I'm fairly new to python and excuse me if this has nothing to do with statsmodels - in that case, please do elucidate me on what i should be trying.
You can collect the tables and concatenate them at the end of your loop. This method will create a hierarchical index, but I think that makes it a bit more clear.
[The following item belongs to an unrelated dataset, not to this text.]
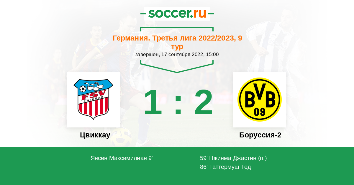 Протокол матча Цвиккау против Боруссия-2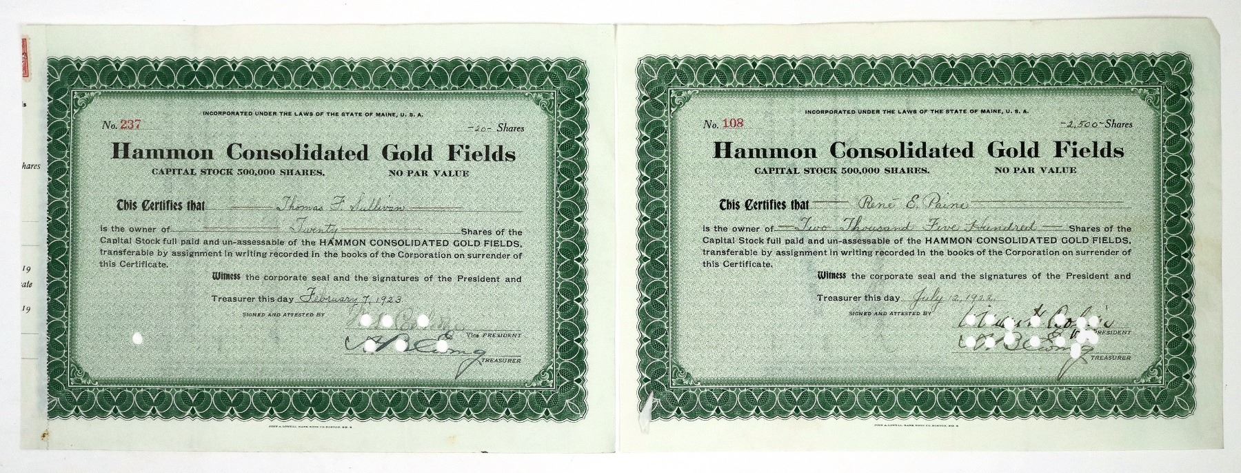 Two stock certificates for shares in the Hammon Consolidated Gold Fields, dated 1922 and 1923. The certificates are each signed by the president and treasurer of the company but have been cancelled with holes punched through the signatures. Hammon Consolidated began activity in Nome, Alaska in 1923; its assets were soon acquired by United States Smelting and Refining Company in 1924, though the Hammon Consolidated name was used until 1936. Both certificates are in good condition.

Something like this:
keys = []
tables = []
for variable in df.columns:
model = ols('{} ~ Label'.format(variable), data=df).fit()
anova_table = sm.stats.anova_lm(model, typ=2)
keys.append(variable)
tables.append(anova_table)
df_anova = pd.concat(tables, keys=keys, axis=0)
Somewhat related, I would also suggest correcting for multiple comparisons. This is more a statistical suggestion than a coding suggestion, but considering you are performing numerous statistical tests, it would make sense to account for the probability that one of the test would result in a false positive.